Sur les frais liés au litige :
20. Les dispositions de l’article L. 761-1 du code de justice administrative font obstacle à ce que l’État qui n’a pas la qualité de partie perdante au principal verse à M. B une somme au titre des frais exposés par lui et non compris dans les dépens.
D É C I D E :
Article 1er : M. B est admis au bénéfice de l’aide juridictionnelle à titre provisoire.
Article 2 : La décision du 15 octobre 2024 du préfet du Finistère faisant interdiction à M. B de retourner sur le territoire français pendant deux ans est annulée.
Article 3 : Il est fait injonction au préfet du Finistère de procéder à l’effacement du signalement dont M. B a fait l’objet dans le système d’information Schengen dans un délai d’un mois à compter du présent jugement.
Article 4 : Le surplus de la requête de M. B est rejeté.

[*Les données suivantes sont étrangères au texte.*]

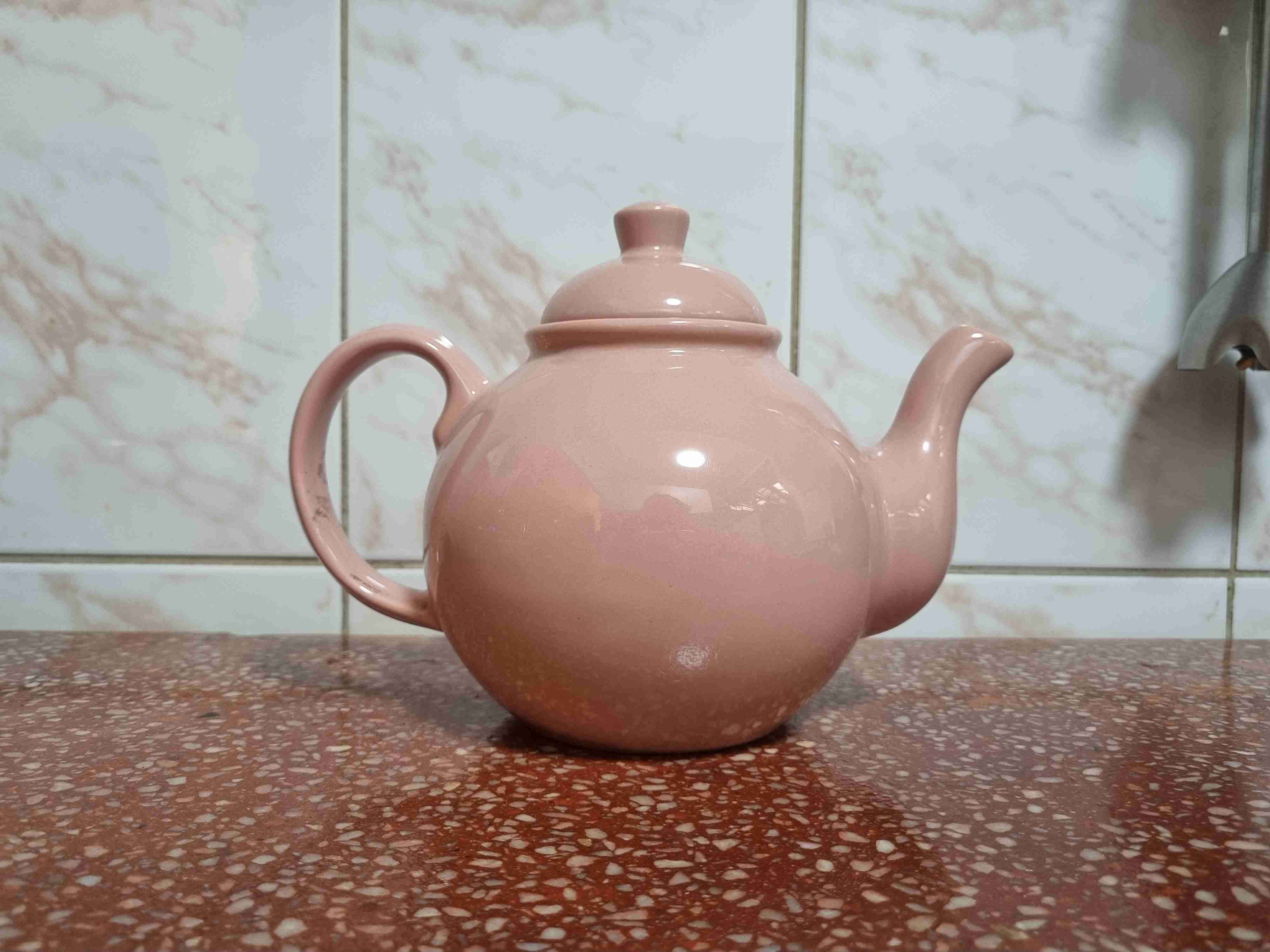 Elegante tetera de cerámica en color rosado. Ideal para servir té en reuniones con amigos. Se encuentra en buen estado.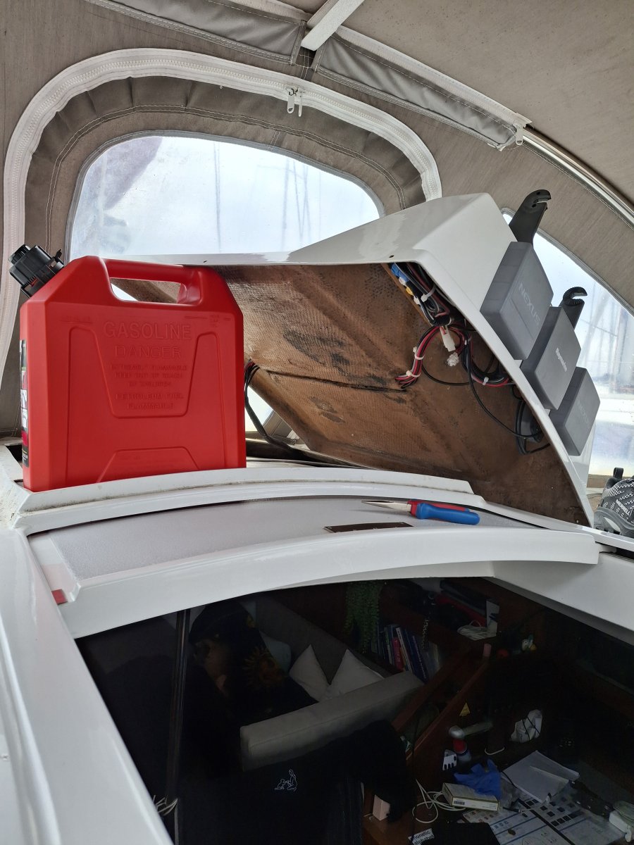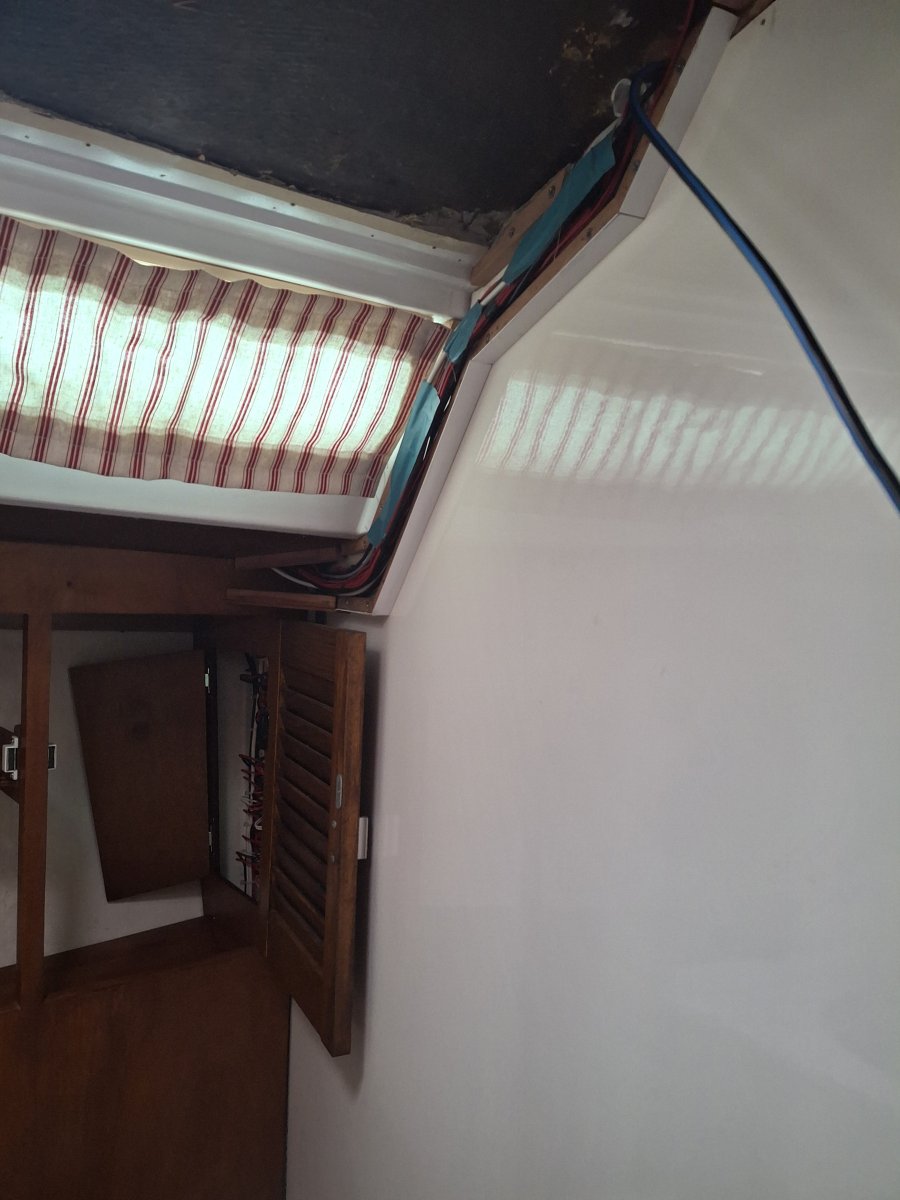Stromkabel mussten verlegt werden — zum Glück hatten wir am Schaltpanel noch einen ungenutzten Schalter. Der Stecker der VHF Antenne benötigte Zuwendung damit die Werte passten. Alleine um das 9 Meter lange Kabel zu verlegen, das als Datenverbindung vom AIS zum Kartenplotter dient — brauchten wir zu zweit einen halben Tag, mussten 123 Schrauben lösen, drei neue Löcher bohren, vier Deckenpaneele demontieren und drei Schränke ausräumen, ein richtiges Bootsprojekt deluxe.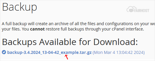 Når cPanel-sikkerhedskopieringen er færdig, vil du modtage en meddelelse. Du kan downloade sikkerhedskopier fra Backup > Download a Full Account Backup.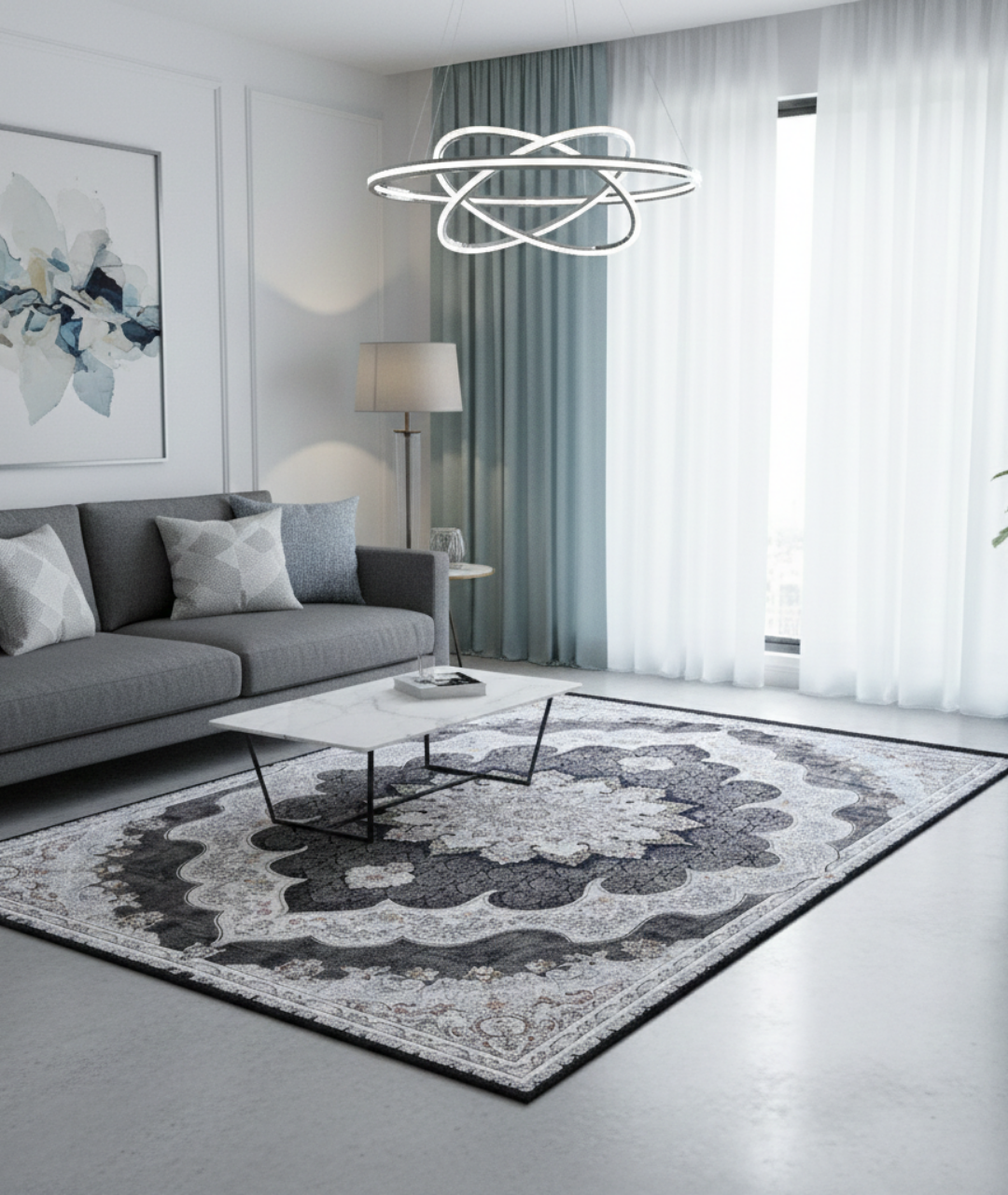 Crafted with premium materials, the rug offers a soft, comfortable texture underfoot and long-lasting durability. Its timeless design and elegant color combination make the Sultani Rug a perfect addition to elevate the aesthetic of any living space with subtle sophistication and charm.
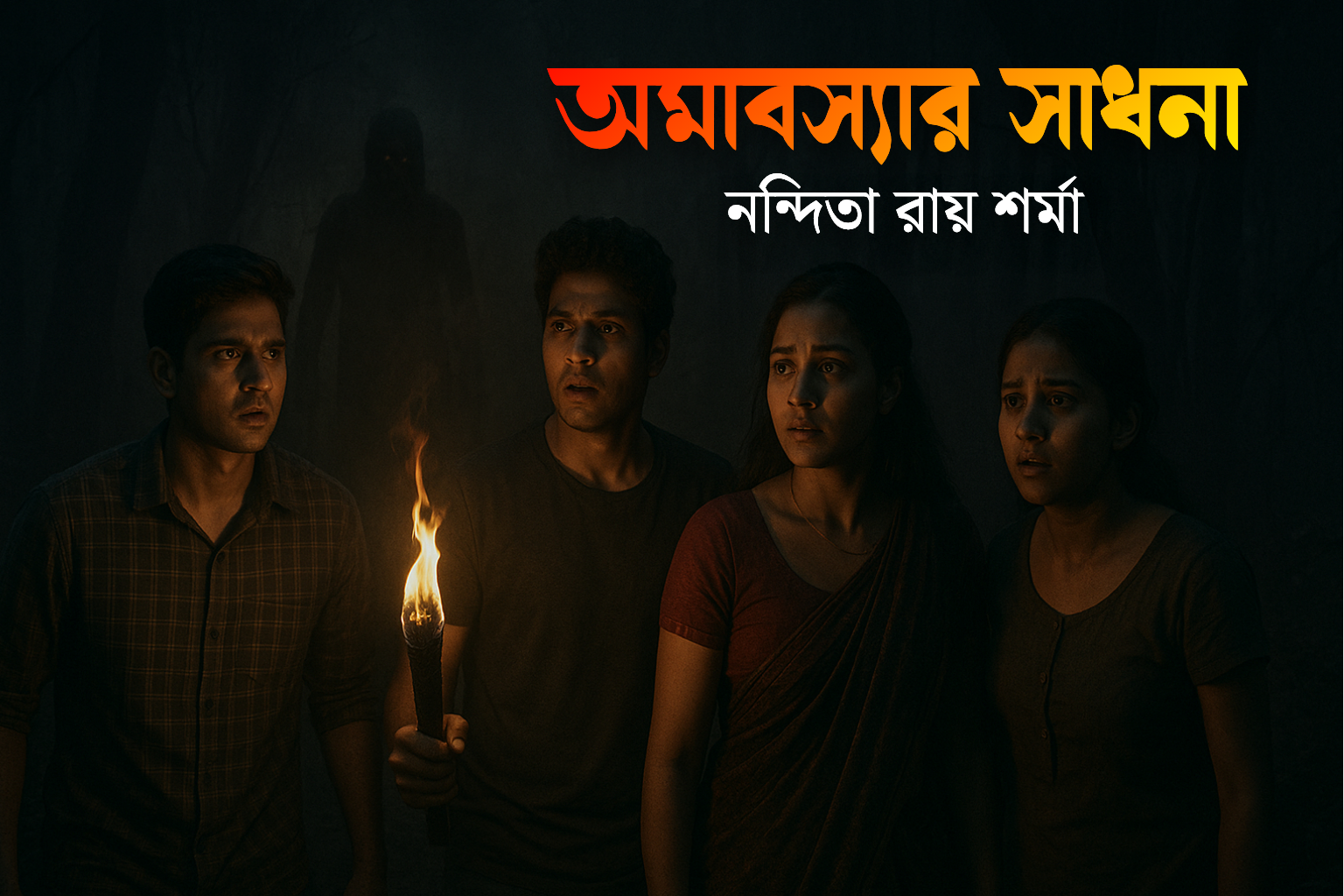 হঠাৎই, বাতাস কেঁপে ওঠে, গাছপালার ছায়া অদ্ভুতভাবে নাচতে শুরু করে, এবং মশালগুলো নিজেরাই নিভে যায়। তারা এক মুহূর্তের জন্য সম্পূর্ণ অন্ধকারে ঢাকা পড়ে। কালো ধোঁয়া চারপাশে ছড়িয়ে পড়ে, যা চোখে দৃশ্যমান না হলেও মনকে আতঙ্কিত করে। বন্ধুরা একে অপরের দিকে তাকায়, হাসাহাসি এবং মজা এক মুহূর্তের মধ্যে ভয়ঙ্কর সাড়া দিয়ে যায়। পূর্ণিমা হঠাৎ চিৎকার করে, আর সায়নী শক্তভাবে বন্ধুর হাত ধরে দাঁড়ায়। অভীক চেষ্টা করে ধৈর্য ধরে থাকার, কিন্তু তার কণ্ঠেও কম্পন থাকে। বিজয় সাহস দেখাতে চায়, কিন্তু তার চোখে ভয় প্রকাশ পায়। তান্ত্রিকের মন্ত্রপাঠের প্রতিটি শব্দ যেন বন্ধুরা অনুভব করতে পারে, তাদের মনে গভীর আতঙ্ক এবং অবিশ্বাসের সংমিশ্রণ তৈরি করে।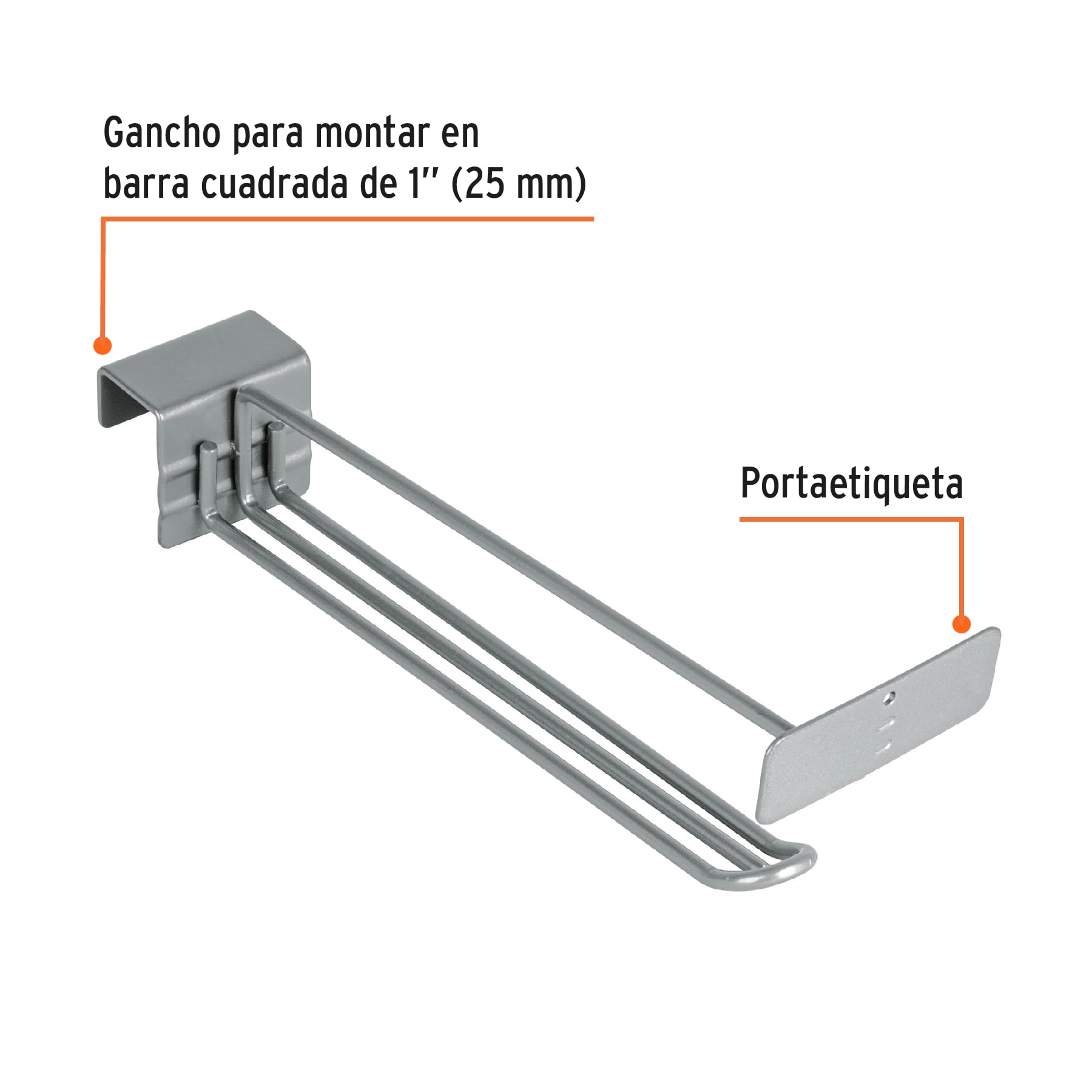 Gancho recto reforzado de 10′ con portaetiqueta, Truper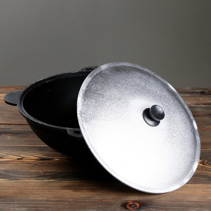 Казан чугунный, 8 л, круглое дно, алюминиевая крышка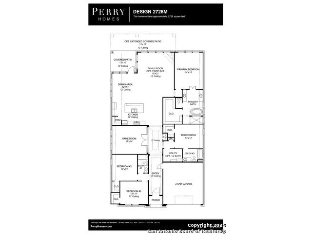 Entry welcomes with 12-foot ceiling. Hardwood floors throughout living areas. Game room off extended entry with 13-foot coffered ceiling. Spacious family room with a wood mantel fireplace and wall of windows opens to kitchen and dining area. Kitchen offers corner walk-in pantry, two wall ovens, 5-burner gas cooktop and island with built-in seating space. Primary suite includes bedroom with wall of windows. Double doors lead to primary bath with dual vanities, freestanding tub, separate glass-enclosed shower and walk-in closet. A guest suite with private bath adds to this four-bedroom design. Extended covered backyard patio. Two-car garage.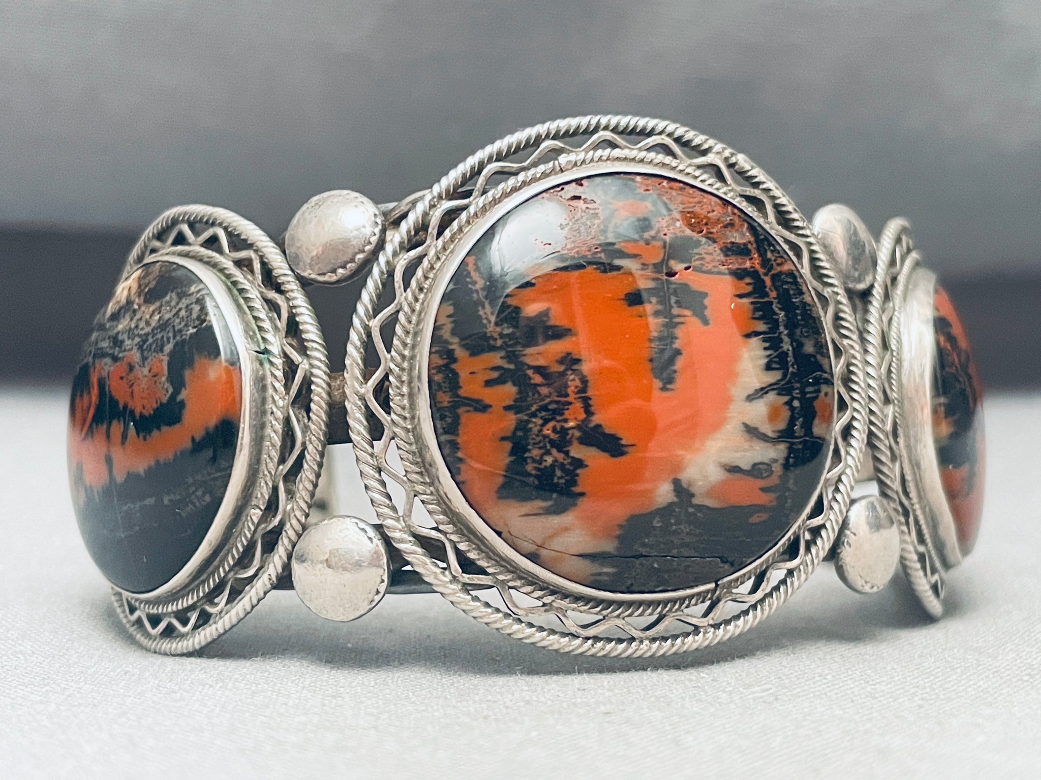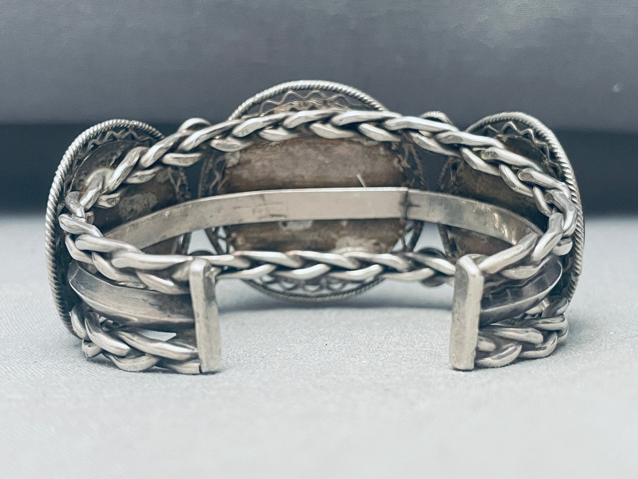 This is a striking vintage Navajo three stone silver bracelet. This amazing bracelet contains three beautiful rounded petrified wood stones that graduate in size towards the center. Surrounding the stones are amazing silver works that include ropes and zig zag patterns. Also accenting the stones are four very large silver raindrops. This bracelet contains a marvelous triple silver shank cuff that graduates in width towards the center. The two outer shanks are thick wonderful twisted shanks allowing the bracelet to be that much more sturdy and durable. The center stone measures around 1-1/8" x 1-1/8". The width of the bracelet measures around 1-3/8". Sterling silver. Cir. Mid Century +. The inside end to end measures around 5-1/2" with an additional 1" gap. Sturdy 62 grams.

Article 5 : Le présent jugement sera notifié à M. A B et au préfet du Finistère.
Délibéré après l’audience du 16 janvier 2025, à laquelle siégeaient :
M. Berthon, président,
Mme Thalabard, première conseillère,
Mme Pellerin, première conseillère.
Rendu public par mise à disposition au greffe le 30 janvier 2025.
La rapporteure,
signé
C. Pellerin
Le président,
signé
E. BerthonLa greffière d’audience,
signé
J. Jubault
La République mande et ordonne au préfet du Finistère en ce qui le concerne ou à tous commissaires de justice à ce requis en ce qui concerne les voies de droit commun, contre les parties privées, de pourvoir à l’exécution de la présente décision.